To integrate your bot with Slack, you must first create a new Classic Slack App and a legacy bot.

Environment

OAuth Code Grant

Once created, go to the app's Basic Info tab and grab the Client ID and Client Secret. You'll need these in order complete an OAuth code grant flow as described at slack-ruby-bot-server. A successful flow will result in the receipt of an API token for the specific team that is granting access.

Alternatively, you can still generate a legacy API token for your app and use it for some interactions.

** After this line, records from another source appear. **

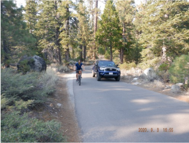
Fallen Leaf Road: Bike and Vehicle Use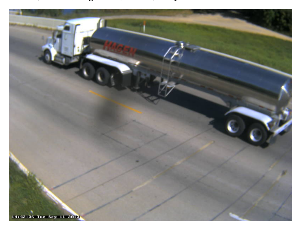
Photo 33B: Class 9, 5 axle, Semi-Tractor with Trailer; Tanker; Food; Dairy.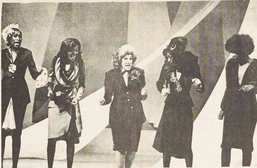
PATTI ANDREWS (center) of the Andrews Sisters joins the Pointer Sisters in singing her trio's 1973 hit, "Bei Mir Bist Du Schon," on the one-hour musical and comedy special, "One More Time," to be broadcast THURSDAY, JAN. 10 (9:00-10:00 PM, ET) on the CBS Television Network.

If you have a legacy API token, and would like to migrate to slack-ruby-bot-server, a brief migration guide is provided.

SLACK_API_TOKEN

Set the SLACK_API_TOKEN environment variable using the token received above.

heroku config:add SLACK_API_TOKEN=...

SLACK_RUBY_BOT_ALIASES

Optional names for this bot.

heroku config:add SLACK_RUBY_BOT_ALIASES=":pong: table-tennis ping-pong"

Heroku Idling

Heroku free tier applications will idle. Either pay 7$ a month for the hobby dyno or use UptimeRobot or similar to prevent your instance from sleeping or pay for a production dyno.

Passenger Deployment

Deploying on your self-hosted server is fairly easy, it's pretty much following the tutorial, but there are some configuration details to pay attention to.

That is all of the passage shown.